Mumbai Indians: Path to the Final

For the fifth year in the row, Mumbai Indians have made it—against the run of form, play, logic, bookies’ odds and overall quality—to the playoffs. What’s more, they did this by finishing second in the table, the only time they hit the spot throughout the group stages, in the very game against SRH. By winning that, they finished only behind perennial table-toppers CSK


Second. Think about that. This is the same team that lost their first 5 games in 2014, and first 4 games in 2015. They were no-hopers for most part, not even hitting 4th spot for the group stages. But when the going got tough, they did an anti-KKR, winning 7 out of their last 8 games to seal yet another comeback in a tournament they have begun to own. 
It’s the same story every year: MI start the weakest, don’t know who their openers are, splurge on useless new imports (Levi, Finch, Blizzard), make mistakes, and finally settle on a second-hand combination that wins them games. 
Finch injured, Hazlewood injured and therefore, Simmons and Mclenaghan has to be utilized, and they’ve proven that there’s nothing like tried and tested. 
Simmons and Parthiv weren’t first-choice openers, but they’ve turned out to be the best partnership this season. Rohit has settled into no, 3, but is yet to score a 50 in his last 10 innings. His failures have been hidden by Simmons’ form though, who has top-scored in virtually every innings. The likes of Pandya and Rayadu have stepped up whenever needed, and they’ve finally brought in an effective left-arm spinner (Suchith) not named Pragyan Ojha
Harbhajan Singh has been the best spinner this tournament, picking up crucial wickets and barely giving away runs. In the qualifier against CSK at Wankhede, he picked up Raina and Dhoni in consecutive balls, before almost picking up Bravo on the last ball. That was perhaps the finest over of the tournament, the most impactful, and set MI on their way to their third final. 


Malinga has become predictable, yet he has somehow managed to pick up wickets. He looks overweight, unfit and out of shape, and he has dropped more sitters than anybody else. But he has still been their best death bowler. And he reminded everyone how, despite his predictability, his Yorkers are impossible to play when directed at the toes. Dhawan will forever remember in their virtual quarterfinal, when MI destroyed SRH after the quick dismissals of Dhawan and Warner in the first two overs. 
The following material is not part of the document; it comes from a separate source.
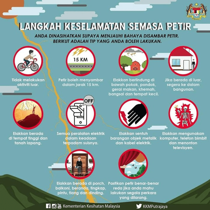 Kalau korang perasan langit dah gelap dan guruh pun kedengaran, cepat-cepatlah cari tempat berlindung. Walaupun hujan belum turun, petir masih boleh menyambar ke bumi. Tempat perlindungan paling selamat adalah di dalam bangunan. Tapi kalau tak ada bangunan berdekatan, korang boleh berlindung di dalam kereta. Tapi kereta pun kalau di tengah lapang boleh disambar petir juga! Hati-hati.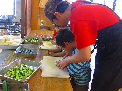 給食室の西山先生に教えてもらって、少しドキドキしながらも、真剣さとうれしさが伝わってくる、もみのきさんの毎日ですよ。

Suchith has brought energy into the field, and his slow left-arm bowling has made batsmen go after him, and fall to him. Rohit has marshaled his bowling well, after a dark first few games, and has taken charge with considerable resourcefulness. 

Most importantly, Kieron Pollard has found his voice again. He has smacked the ball harder than every other West Indies, and has even been allowed to bowl crucial overs. Chawla and Hogg will remember the final over he bowled—Rohit’s mistake when he had run out of bowlers—and he defended 10 runs with a slow, off-cutting series of 6 balls. 


8: No. of games MI have won out of their last 9
8: No. of lives Warner will live before getting over that ‘catch’; his mistake costing SRH a place in the playoffs and letting RCB go through
10: No. of people, including the support staff, who turn their heads away when Malinga drops another catch in front of them at the boundary. 
2: Position in the group stages 
2: No. of people, out of 100, who bet against MI reaching the playoffs—knowing that, with their owners behind them, there’s always a way. 
20: No. of years Ponting, Kumble, Rhodes, Tendulkar and others will stay with the squad after another miraculous run that, in no way, should only be attributed to their strategies.